そこで井領さんが重視しているのが、導入事例だ。そこで使われるツールは、タブレットだろうがスマートフォンだろうが、どのベンダーのSaaSだろうが問題ではない。テクノロジーが商売を変え得ることを知ってもらうこと。自分も商売を変えてみたいと動機を持ってもらうこと。重要なのはこの動機付けであって、使われるツールの種類は後から考えればいい。動機を持ってもらい、業務改善というものにできるだけ多くの意識を向けてもらうこと。業務改善という課題がマインドシェアを獲得できないうちは、ITがマインドシェアを獲得することなどあり得ない。ITは業務改善の手段のひとつであり、道具のひとつでしかないのだから。
魂が正しいと思うことをしたい
効果的な導入事例をできるだけ多く作り、業務改善のメリット(=現状の課題)を意識してもらうこと。
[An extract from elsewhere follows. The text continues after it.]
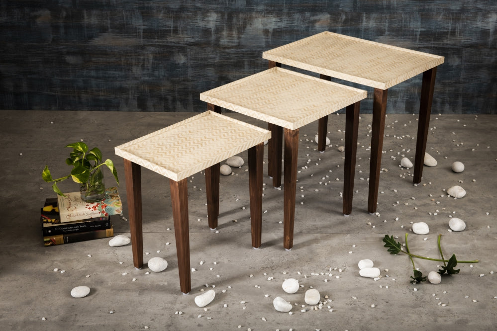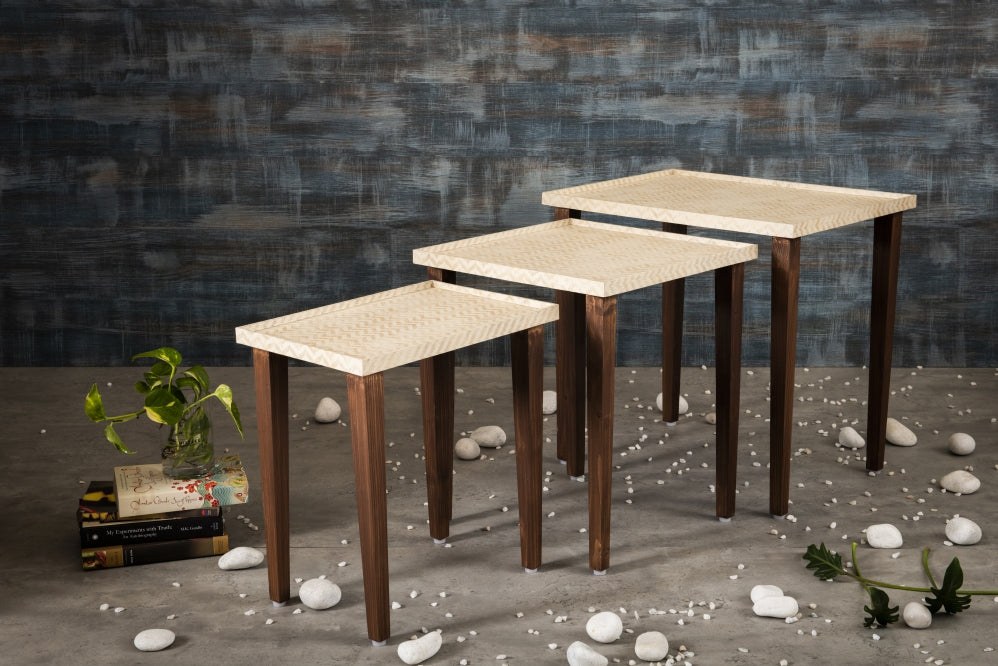 A Tiny Mistake Chevron Teal Wooden Rectangle Nesting Tables (Set of 3), Living Room Decor

そのための活動に時間をかけると井領さんは言うが、はたして井領さんはそれで儲かるのか。私は、厳しいと思う。そもそも先に書いた通り、儲からないからSaaSベンダーは地方の経営者に深く入り込む時間を持たないのだ。それでも井領さんは、地方の中小企業経営者の底上げをしたいと語る。
その理由を端的に表しているのが「魂が正しいと思うことをしたい」という言葉だ。いびつだと思いつつ目先の儲けを追ううちに、自分が本当に目指したものを見失い、会社に行けなくなった井領さんだからこそ、目先の儲けより自分の正しさを貫くことの大切さを知っているのだと思う。
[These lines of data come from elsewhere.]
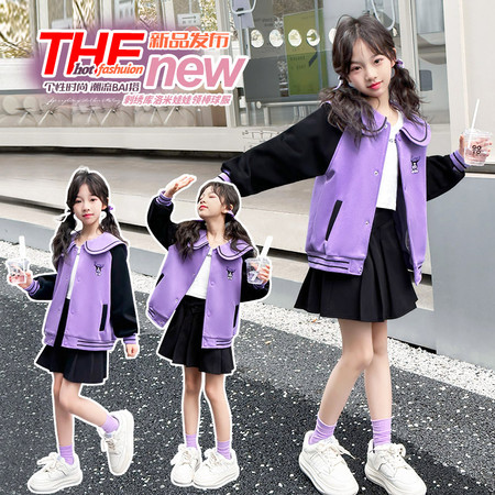 米咔精灵&2520拼袖后背字母印花棒球服春季新款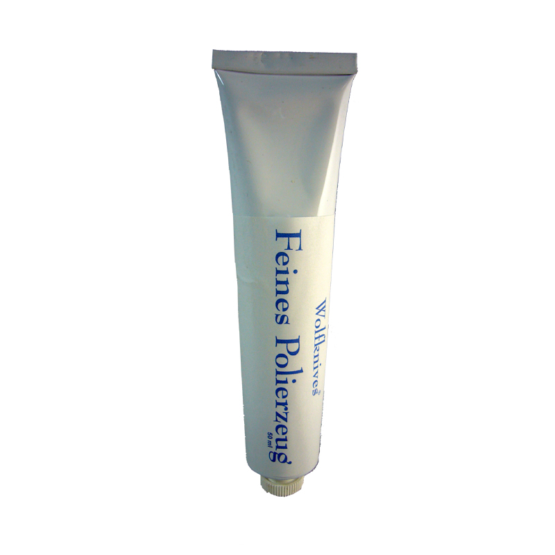 Wolfknives® Feines Polierzeug ist eine feine Oberflächenpolitur die schützt, pflegt und konserviert. Geeignet für Stahl, Edelstahl, Aluminium, Messing, Kupfer, Silber, Gold, Nickel, Chrom etc., 50 ml Tube.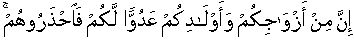 Indeed from amongst your wives and your progeny some are like enemy to you, therefore, you people be mindful of them;

「自分が正しいと思うことをやりたいのと同じくらい、市場に恩返しをしたいという気持ちがあるんです」
SaaS市場の成長が、井領さんの成長を助けてくれた。今度は、井領さんがSaaS市場の成長を助ける番だ。言うは易く行うは難し。それでも、不本意なことを続ければ結局自分に跳ね返ってくることをもう知ってしまった。正しいと思う道を進むことの大切さに気づいてしまった。だから井領さんは困難な道と知っていても一歩ずつ進むことだろう。小さな商店、小さな街、ちょっとずつしか変革できなくても、ゼロよりずっといい。テクノロジーのもたらす恩恵を知ってしまった経営者が非効率な手順に戻ることはないだろう。だから井領さんの一歩がどんなに小さかったとしても、それは積み重なるばかりで、後戻りすることはきっともうない。